Assistant Professor of Economics at The University of Akron
Assistant Professor of Economics at The University of Akron
Research Interests: Macroeconomics, Finance, Consumer Choice
Email: mdedad@uakron.edu
Contact Info: Department of Economics, College of Business 323, The University of Akron, Akron, OH 44325
Tastes in the United States: Convergence or Divergence?
This study investigates how tastes for consumption goods across the United States have changed in recent decades. Using Nielsen Homescan Consumer Panel data for over 77 million transactions at the Universal Product Code (UPC) level, I find evidence of divergence in food tastes across regional markets from 2007-2016 and across households of different income, education, and race groups. Non-Hispanic blacks and whites exhibit divergence in tastes for every broad food category studied. Urban/rural groups and other race groups do not show an overall change in taste differences between each other, while the tastes of rural households across regions are unique in their apparent convergence. Overall, ideological differences measured by "political distance," explain changing taste differences better than geographical distance.
Quality Choice in Information-Intensive Goods: The Significance of Education and Income (with Volodymyr Lugovskyy, Emerson Melo, and Alexandre Skiba)
Analyzing differences in the quality of information-intensive goods may require information processing from consumers. Focusing on the differences between organic and conventional milk, we propose analyzing such markets using a tractable micro-founded discrete choice framework with Rational Inattention, non-homothetic preferences, and heterogeneous consumers. We predict theoretically and confirm empirically that consumers with higher efficiency of information processing (EIP) choose higher quality goods than those with lower EIP; however, this does not hold for poorer consumers for whom budget constraints are binding. Similarly, choosing higher quality increases with income, but the effect is weak without sufficiently high EIP.
Risk Aversion in Lending Following the Financial Crisis
Following the 2007-2008 financial crisis, bank lending dropped dramatically, and the decline persisted well into the recovery period. This paper attempts to explain the drop in lending using a consumer default model with risk-aversion in loan pricing. The version of the model with risk-aversion is compared to one that uses the standard assumption of risk-neutral financial intermediaries to see if a model with risk-aversion more accurately predicts lending in the post-crisis period. The risk-averse pricing model consistently generates more accurate interest rates than the risk-neutral pricing model, while the risk-neutral pricing model more accurately predicts the debt-output ratio.

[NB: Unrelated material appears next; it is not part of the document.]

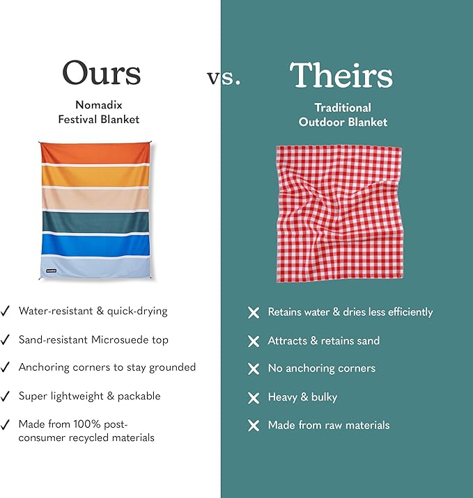 Nomadix Festival Blanket - Perfect for Picnics, Camping, & Lawn Seating - Plush Top & Water Resistant Base - Made with Post Consumer Recycled Materials - Stripes Retro - 60:x 70"
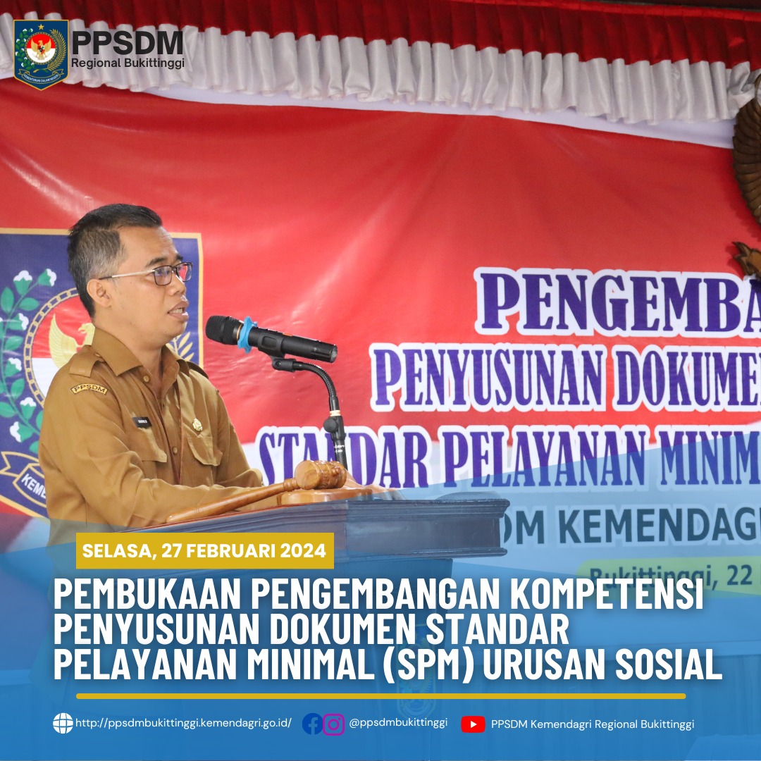 (press release). BPSDM Kementerian Dalam Negeri (Kemendagri) melalui PPSDM Regional Bukittinggi menggelar pelatihan teknis Penyusunan Dokumen Perencanaan dalam Hal Penerapan Standar Pelayanan Minimal (SPM) Bidang Sosial Angkatan 1 dan 2. Kegiatan dibuka oleh Kepala PPSDM pada 27 Februari dan akan ditutup Pada 29 Februari 2024 di Baso.

China’s Tax Burden and Provincial Economic Growth
This study estimates the causal effect of the tax burden on economic growth at the provincial level in China from 1995-2014 using a panel data vector autoregressive (VAR) model and testing for Granger causality. I first estimate the overall effect of taxes on economic growth, then I disaggregate the data to determine the differential effects of specific taxes that are the largest sources of budgetary tax revenue. I find that the business, enterprise, and individual income taxes Granger-cause lower provincial-level economic growth, while greater reliance on the value-added tax (VAT) is associated with higher provincial-level economic growth. These results provide evidence in support of the Chinese government's decision to replace the business tax with the VAT beginning in 2016 and of potential benefits for local government officials whose advancement is dependent on tax base expansion and tax revenue increases while maintaining high local economic performance.
The University of Akron
‘Money & Banking’
‘Economic Forecasting’
‘Intermediate Macroeconomics’
‘Principles of Macroeconomics’
Indiana University
‘Introduction to Microeconomics’ (Large Lecture, ~300 Students)
‘Money & Banking’
‘Survey of Public Finance’
Indiana University
‘Intermediate Microeconomics’
‘Introduction to Microeconomics’ (Online)
‘Introduction to Macroeconomics’
‘Statistical Analysis for Business and Economics’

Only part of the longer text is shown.